** GIVEN MATERIAL **
#####
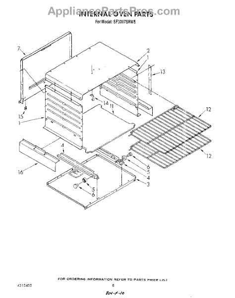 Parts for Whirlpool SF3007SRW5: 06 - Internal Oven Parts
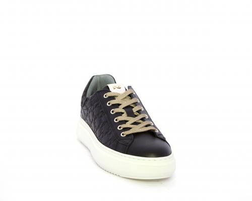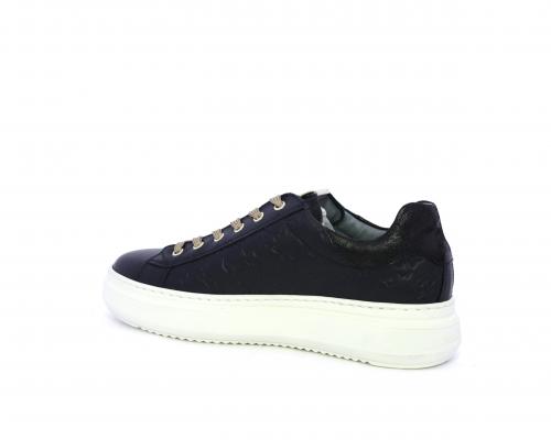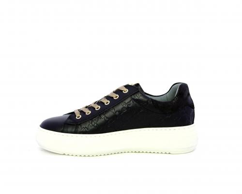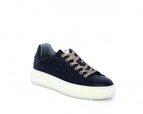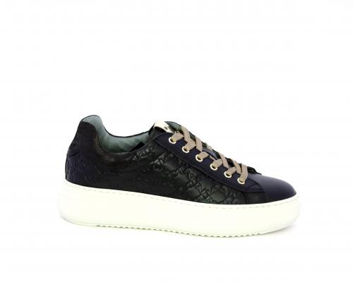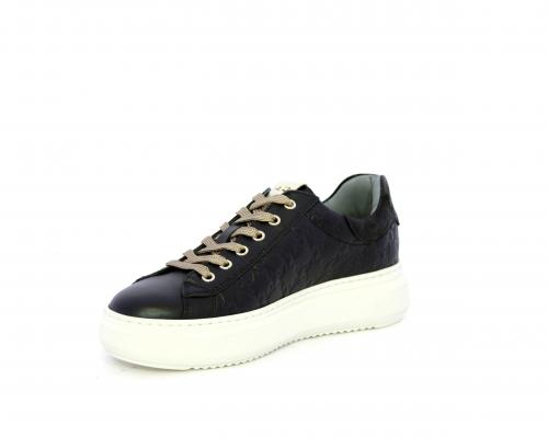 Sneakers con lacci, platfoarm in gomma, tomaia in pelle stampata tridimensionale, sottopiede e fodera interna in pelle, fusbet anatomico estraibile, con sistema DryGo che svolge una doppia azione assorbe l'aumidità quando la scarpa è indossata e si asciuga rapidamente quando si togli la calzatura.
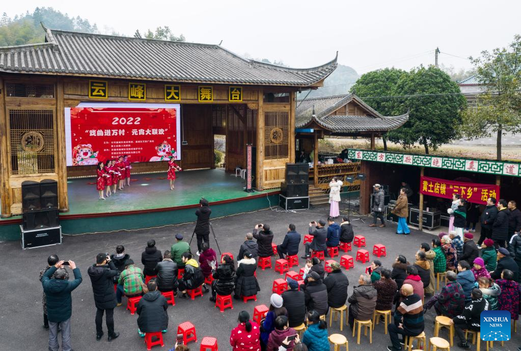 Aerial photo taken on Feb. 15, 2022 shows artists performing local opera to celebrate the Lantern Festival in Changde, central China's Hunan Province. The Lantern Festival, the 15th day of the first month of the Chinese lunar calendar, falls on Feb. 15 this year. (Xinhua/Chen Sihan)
#####
** TASK DETAILS **
Please write the material out again exactly as shown above, minus any pictures.

** SOLUTION TO THIS PROBLEM **
 Parts for Whirlpool SF3007SRW5: 06 - Internal Oven Parts
 Sneakers con lacci, platfoarm in gomma, tomaia in pelle stampata tridimensionale, sottopiede e fodera interna in pelle, fusbet anatomico estraibile, con sistema DryGo che svolge una doppia azione assorbe l'aumidità quando la scarpa è indossata e si asciuga rapidamente quando si togli la calzatura.
 Aerial photo taken on Feb. 15, 2022 shows artists performing local opera to celebrate the Lantern Festival in Changde, central China's Hunan Province. The Lantern Festival, the 15th day of the first month of the Chinese lunar calendar, falls on Feb. 15 this year. (Xinhua/Chen Sihan)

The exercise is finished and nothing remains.